From the U.S. healthcare business front,
- Yahoo Finance lets us know,
- “Independence Blue Cross (IBX) is helping to improve recovery outcomes for its Medicare Advantage members after they leave the hospital and reduce costs with its Post-Acute Care Program. The program combines predictive analytics, proactive case management, and a focus on home-based recovery, to ensure members receive the right care at the right time after a stay at the hospital. Since its launch in July 2022, it has helped to improve CAHPS survey scores—a tool used to measure members’ experiences with health care services and strengthen health care in the U.S. It has also delivered $13 million in cost savings and earned the prestigious Blue Cross Blue Shield Association’s (BCBSA) North Star Award for its measurable impact.”
- Per Beckers Payer Issues,
- “Priority Health, the insurance arm of Grand Rapids, Mich. based Corewell Health, will become the governing member of Group Health Cooperative of Eau Claire, a Wisconsin-based health plan with more than 61,000 members.
- “Both organizations expect the transaction to close by the end of 2025, pending regulatory approvals.
- “The agreement will make Priority Health a four-state health plan with more than 1.3 million members across Michigan, Indiana, Ohio and Wisconsin.”
- Per the AHA News,
- “The AHA July 24 announced it is collaborating with health care technology leader Epic to help hospitals adopt tools that support the early detection and treatment of postpartum hemorrhage, a leading cause of maternal mortality.

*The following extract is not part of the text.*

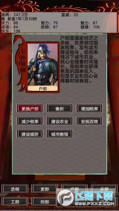 2、这些属性主要通过强化门客来增加,智力影响每次征收到的钱财数额,政治影响收到的粮食。
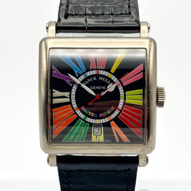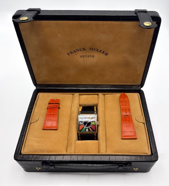 Franck Muller, a rare 2006 gents 18ct white gold cased Geneva 'Master Square' automatic date wristwatch, with colour dreams dial, number 17, model 6000HSCDT fitted with a black leather strap, box and papers also an original spare orange strap. Condition- in running order, some minor scratches to the case, strap in good order.

- “The organizations have released a toolkit that includes dynamic risk assessments, clinical decision support and treatment guidance embedded in the electronic health record. With the proper permissions from applicable content providers, users of any EHR should be able to implement a similar set of tools.
- “The American Hospital Association and Epic share a deep commitment to improving health outcomes for moms and babies,” said Chris DeRienzo, M.D., AHA chief physician executive and a neonatologist. “This new collaboration amplifies our efforts to drive continuous improvement by sharing evidence-based resources to help reduce this tragic condition. It’s a natural extension of AHA’s Patient Safety Initiative, a collaborative data-driven effort to highlight and learn from patient safety progress at hospitals and health systems around the country.”
- “The AHA and Epic will support hospitals in their implementation journey with programming, resources and a space to learn from each other and engage with hospitals already seeing successful outcomes with items that are included in the toolkit.”
- Healthcare Dive informs us,
- “Labcorp has agreed to acquire certain ambulatory outreach laboratory assets from Community Health Systems, furthering an expansion push that has seen the testing services provider forge deals with a growing list of local and national health systems.
- “The $195 million cash agreement with CHS includes patient service centers and in-office phlebotomy locations in 13 states, where Labcorp will assume some facility leases.
- “Evercore ISI analyst Elizabeth Anderson, in a note to clients Tuesday, called the deal “very much in-line with [Labcorp’s] long-stated hospital management and outreach strategy where it continues to build a strong track record.”